Tabora approached the defendant Sandiko and succeeded in the making him sign Exhibits B, C, and D and in
making him, among other things, assume the payment of Tabora's indebtedness to the Philippine National Bank.
The promisory note, Exhibit C, was made payable to the plaintiff company so that it may not attached by
Tabora's creditors, two of whom had obtained writs of attachment against the four parcels of land.

If the plaintiff corporation could not and did not acquire the four parcels of land here involved, it follows that it did
not possess any resultant right to dispose of them by sale to the defendant, Teodoro Sandiko.

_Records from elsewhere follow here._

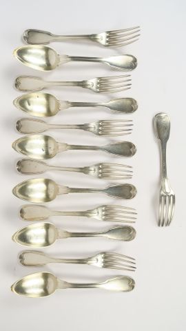 Six grands couverts en argent, modèle au filet, monogrammés, poinçon Vieillard, on y joint une fourchette en argent, modèle au filet monogrammée dans un cartouche. 1174 g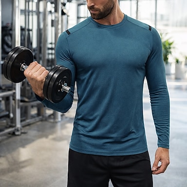 Homme Couleur Unie T-shirt de course T-shirt de compression T-shirt athlétique Haut de sport Printemps Automne manche longue Séchage Rapide Évacuation de l'Humidité Respirant Entraînement en salle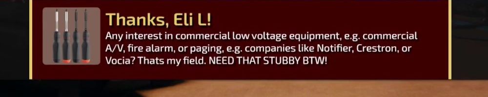Any interest in commercial low voltage equipment, e.g. commercial A/V, fire alarm, or paging, e.g. companies like Notifier, Crestron, or Vocia? Thats my field. NEED THAT STUBBY BTW!
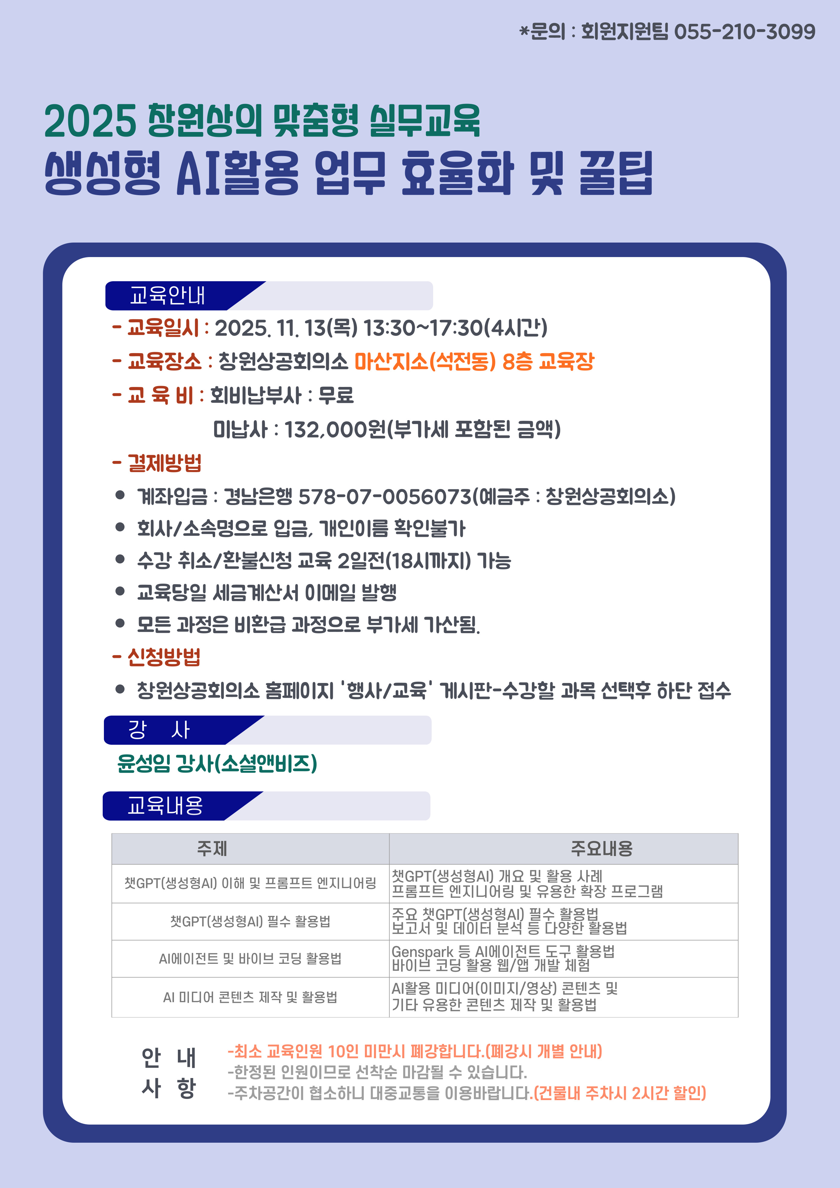 | ‒ | [11/13(목) 실무교육] 마산지소) 생성형AI 활용 업무 효율화 및 꿀팁 |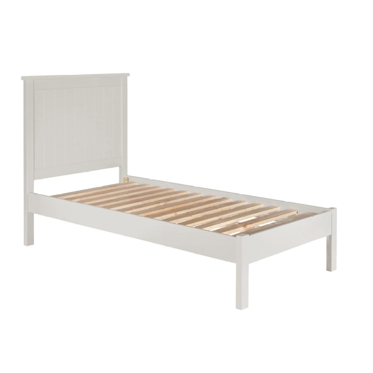 With a simple, contemporary design. The Loire Bed Frame is an ideal fit for many bedrooms. The design has a high head and low foot board design with radius corners painted with an appealing light grey colour. The feature of the built out shaped plinths on the front and sides bodes well alongside the framed end panels and radius corners on the tops. Single Size (3'0ft/ 90cm): Height: 120cm Width: 103cm Depth: 200cm Double Size (4'6ft/135cm): Height: 120cm Width: 148cm Depth: 200cm King Size (5'0/150cm): Height: 120cm Width: 163cm Depth: 211cm

Some of the members of this court are also of the opinion that the transfer from Manuel Tabora to the Cagayan
Fishing Development Company, Inc., which transfer is evidenced by Exhibit A, was subject to a condition
precedent (condicion suspensiva), namely, the payment of the mortgage debt of said Tabora to the Philippine
National Bank, and that this condition not having been complied with by the Cagayan Fishing Development
Company, Inc., the transfer was ineffective. (Art. 1114, Civil Code; Wise & Co. vs. Kelly and Lim, 37 Phil., 696;
Manresa, vol. 8, p. 141.) However, having arrived at the conclusion that the transfer by Manuel Tabora to the
Cagayan Fishing Development Company, Inc. was null because at the time it was affected the corporation was
non-existent, we deem it unnecessary to discuss this point. lawphil.net

The decision of the lower court is accordingly affirmed, with costs against the appellant. So Ordered.

Villa-Real, Abad Santos, Imperial, Diaz and Concepcion, JJ., concur.